Theories Reaction Paper (Text 5&6): Towards a Critical Regionalism
1. BACHELOR OF SCIENCE (HONOURS) IN ARCHITECTURE
THEORIES OF ARCHITECTURE AND URBANISM
(ARC61303/ARC2224)
SYNOPSIS: REACTION PAPER (MARCH 2017)
Name: ONG EUXUAN ID No.: 0319050
Lecturer: AR. PRINCE FAVIS ISIP Tutorial Time:
Reader/Text Title:
Towards A Critical Regionalism
Synopsis No: 6
Author: KENNETH FRAMPTON
In ‘Towards A Critical Regionalism’, author Kenneth Frampton explains that critical regionalism in
architecture stresses on the geographical context and value. In the excerpt, he highlights the importance
of the tactile resilience in the perception of an architecture. He implies that a user’s perception to
architectural context is the key to sociological success.
Frampton argues that clean slate in architecture strips the identity of a building bare. He implies that
over the years, modernization in architecture saw the elimination of the following cultivation and
archeological past of a building. The overtime transformation of a building is overlooked, losing a
region’s culture. Examples by Frampton would be turning a terrain into a flat ground, causing a
building to lose its topography, or avoid the natural lighting and illuminate the interior spaces with
artificial lighting, purging the identity of its initial site.

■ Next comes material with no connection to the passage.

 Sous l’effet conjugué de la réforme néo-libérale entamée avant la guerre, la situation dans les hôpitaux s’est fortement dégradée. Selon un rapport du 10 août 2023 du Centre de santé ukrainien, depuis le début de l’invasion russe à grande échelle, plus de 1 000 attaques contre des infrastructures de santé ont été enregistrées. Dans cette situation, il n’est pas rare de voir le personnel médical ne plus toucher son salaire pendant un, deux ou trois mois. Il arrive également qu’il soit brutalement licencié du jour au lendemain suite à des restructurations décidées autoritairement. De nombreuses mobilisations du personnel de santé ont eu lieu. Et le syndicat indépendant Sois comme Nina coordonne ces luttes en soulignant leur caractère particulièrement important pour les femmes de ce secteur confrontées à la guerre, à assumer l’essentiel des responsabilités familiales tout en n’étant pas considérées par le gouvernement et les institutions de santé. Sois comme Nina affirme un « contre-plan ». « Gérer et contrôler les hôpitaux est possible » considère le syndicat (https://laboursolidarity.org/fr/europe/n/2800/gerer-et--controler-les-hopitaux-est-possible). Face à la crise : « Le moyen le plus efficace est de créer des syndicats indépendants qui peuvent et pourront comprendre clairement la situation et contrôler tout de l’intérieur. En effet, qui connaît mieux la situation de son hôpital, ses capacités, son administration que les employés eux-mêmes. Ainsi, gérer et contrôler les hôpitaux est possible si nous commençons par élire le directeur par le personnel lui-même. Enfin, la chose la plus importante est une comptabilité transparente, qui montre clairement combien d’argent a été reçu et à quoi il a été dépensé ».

Frampton states that human bodies are able to detect perceptive feelings like a sound, a smell, or a
texture, or even light intensity and warmth of a place, helping the user register and associate an
experience to a space. Being upset and discouraged by the influence of post-modernism, Frampton
emphasizes on the experience milked from the context of a site to strengthen the regional identity of
a place. The author continues to say that critical regionalism sets off along with the visual experience
of a user by their perception. Nevertheless, perception, in this case, refers to the direct user
experience of the surrounding environments, and are typically restricted to just the sight of the user,
suppressing other senses such as smell and taste. In cases like these, the visuals are once again
blanketed across the reality of the context and identity.

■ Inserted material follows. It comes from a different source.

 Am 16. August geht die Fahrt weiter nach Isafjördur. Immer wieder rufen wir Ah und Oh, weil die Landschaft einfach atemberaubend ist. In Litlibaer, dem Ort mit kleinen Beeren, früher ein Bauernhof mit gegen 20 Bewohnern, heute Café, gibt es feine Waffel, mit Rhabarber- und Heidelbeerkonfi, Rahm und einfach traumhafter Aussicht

In a nutshell, I agree with Frampton that the geological context is key to produce an architectural
identity. The natural elements are what connects the built element to form an architecture that creates
a poetic experience for users to perceive. I find the author’s perspective on reflecting connections to
contexts a social reality, and is relevant and crucial towards architecture today. In many cases, the tactile
resilience of a place overpowers the visuals and built from of an architecture, and I find it immensely
powerful, how a place is able to trigger a certain emotion in a person.